### Data to use
-- -- --

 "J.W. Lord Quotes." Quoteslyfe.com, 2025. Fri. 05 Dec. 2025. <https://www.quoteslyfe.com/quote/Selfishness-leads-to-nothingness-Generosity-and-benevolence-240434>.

-- -- --

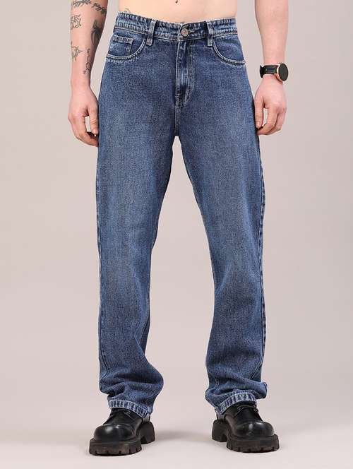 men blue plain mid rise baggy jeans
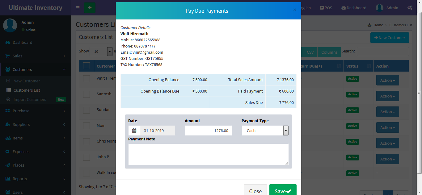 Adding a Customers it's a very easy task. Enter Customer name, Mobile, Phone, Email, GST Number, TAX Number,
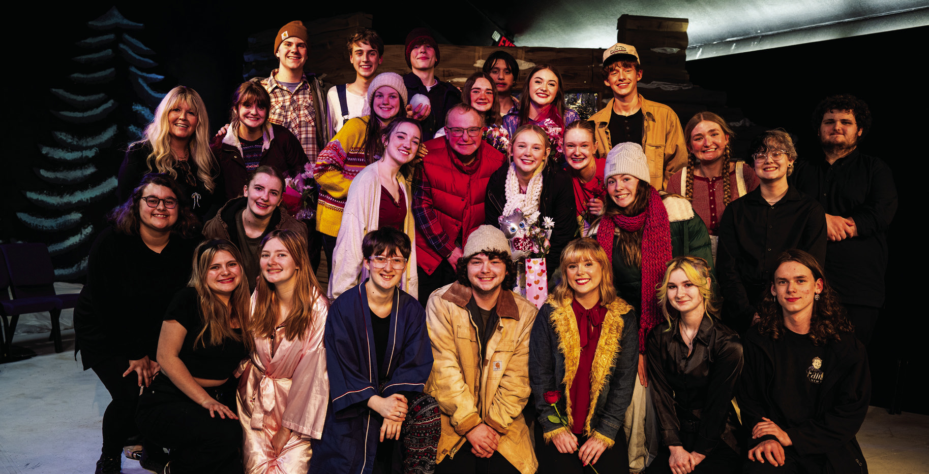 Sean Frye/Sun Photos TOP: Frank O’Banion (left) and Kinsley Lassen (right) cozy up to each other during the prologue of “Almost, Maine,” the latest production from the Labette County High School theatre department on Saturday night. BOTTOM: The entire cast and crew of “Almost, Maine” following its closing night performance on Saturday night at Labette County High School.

-- -- --

Within these entries, output exactly the lines starting at the one with "Adding a Customers" and finishing at the one with "Sean Frye/Sun Photos". Leave pictures out of the output.

 Adding a Customers it's a very easy task. Enter Customer name, Mobile, Phone, Email, GST Number, TAX Number,
 Sean Frye/Sun Photos TOP: Frank O’Banion (left) and Kinsley Lassen (right) cozy up to each other during the prologue of “Almost, Maine,” the latest production from the Labette County High School theatre department on Saturday night. BOTTOM: The entire cast and crew of “Almost, Maine” following its closing night performance on Saturday night at Labette County High School.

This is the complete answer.